Cyber Incident Victim: Ville de Mont-Saint-Martin
Date:
Mar 2023
Location:
France
Summary
The Town of Mont-Saint-Martin experienced a cyberattack affecting its online systems, prompting website maintenance messages. Municipal digital services, including email and online instructions, were suspended while specialized personnel secured server data, with no reported compromise or theft of residents' personal information. While technical controls were conducted, all impacted municipal IT systems remained offline to ensure security, though in-person public services continued uninterrupted.
| CIA Posture | Motives | Tactics, Techniques & Procedures |
|---|---|---|
| Available to members | 1 motive | 1 technique |
| Threat Actors | Type | Location |
|---|---|---|
| 0 actors | Available to members | Available to members |
Description
On March 11, 2023, the town of Mont-Saint-Martin in Meurthe-et-Moselle experienced disruptions to its municipal website, with visitors encountering a generic "Maintenance informatique" (IT maintenance) notification instead of normal site content. The disruption stemmed from a confirmed cyberattack detected that Saturday afternoon when the town's webmaster, Thierry Marx, attempted to access the system during a break from his scheduled rest day. Upon connection attempts, Marx observed anomalies prompting immediate concern, though specific technical indicators of compromise were not publicly disclosed by officials. Town authorities swiftly isolated affected systems following detection, taking municipal IT infrastructure offline as a containment measure while specialists initiated forensic analysis on the servers. This action temporarily suspended all digitized municipal services, including public email communications, online administrative procedures, and other web-based platforms managed by the town.
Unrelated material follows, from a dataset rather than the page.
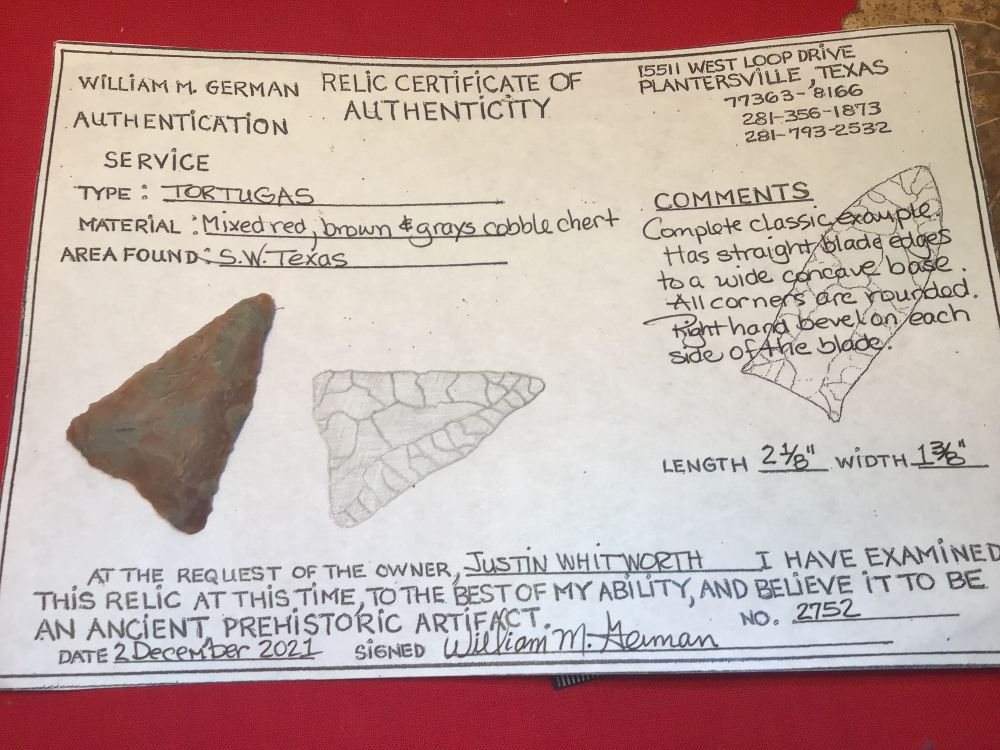 This Tortugas has a heavily thinned base with slight right hand bevels. It is thin for the type made of mottled Chert. It comes with a Bill German coa. I have the shipping.

The town publicly confirmed the cyberattack through its official website notice, clarifying that proactive measures had prevented data exfiltration or corruption of residents’ personal information held on municipal servers. Specialized personnel conducted ongoing system audits and security hardening procedures to eradicate threats and restore operational integrity, prioritizing server integrity assessments before reactivating services. All digital interfaces remained disabled during this investigative and remediation phase, forcing manual processing of administrative tasks typically handled electronically. Despite the IT outage, physical public services at town hall continued uninterrupted, with staff implementing alternative workflows to maintain core civic operations like in-person consultations and document processing. Municipal authorities emphasized transactional continuity for essential functions while advising constituents to expect delays on non-urgent digital service requests until comprehensive system verification concluded. No timeline for full restoration was provided in initial communications, leaving service impacts indefinite pending further technical evaluations.